Neonchameleon
Legend
Good post. (Couldn't XP, sorry.)
But I don't think it's particularly mysterious to understand where these distinctions arise. In games where the players either don't have or don't exert much system mastery, or the DM uses a strong hand in creating encounters to emphasize spotlight balance, LFQW simply isn't going to arise as a perceivable issue. And that playstyle often overlaps with your 3rd rail, where players have internalized non-balance as being part and parcel of the class definition.
In my 3.X/now PF group, one player often fondly refers back to his monk with the comment "I liked that guy. Boy, did he suck." It's pretty much a table meme at this point that monks are awful. But it's just assumed that sucking is part of the reason you choose a monk. Not because of the greater difficulty, but sometimes it's just funny to play a bad character.

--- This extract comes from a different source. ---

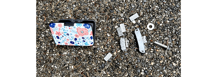 A screw, a washer, and several tire weights. There is a tire store close to where we walked, so the lost tire weights are not a good recommendation for them. They must have some unbalanced customers. The item on the left is a cheap plastic case for credit cards, six bucks on Amazon. It holds up to ten credit cards. With that much credit, one should be able to get a better wallet.

On the flip side, in our high level game, the 19th level witch (an alternate wizard) cohort of one of the characters singlehandedly won a combat against
multiple balors by using Time Stop. The table reaction? "What are you going to do? It's Time Stop, that's just what it does." Again, its overpowered nature is just assumed to be part and parcel of the spell definition, and by extrapolation, high level wizards are just better.
Do I like this particular approach? Not really. But I've become sensitive to just how ingrained certain expectations of the D&D experience are to a wide swath of gamers. My enjoyment of constant evolution and new concepts often leads me to be the odd man out in my play group's preferences.
The problem I have with this approach is that the game seems to me to be fundamentally dishonest about it. If the game were to say up front "The monk sucks. Do not play a monk unless you want to suck." I would have far fewer problems. But there is no guidance given this way - were D&D to use the guidelines of Ars Magica I'd have far fewer complaints.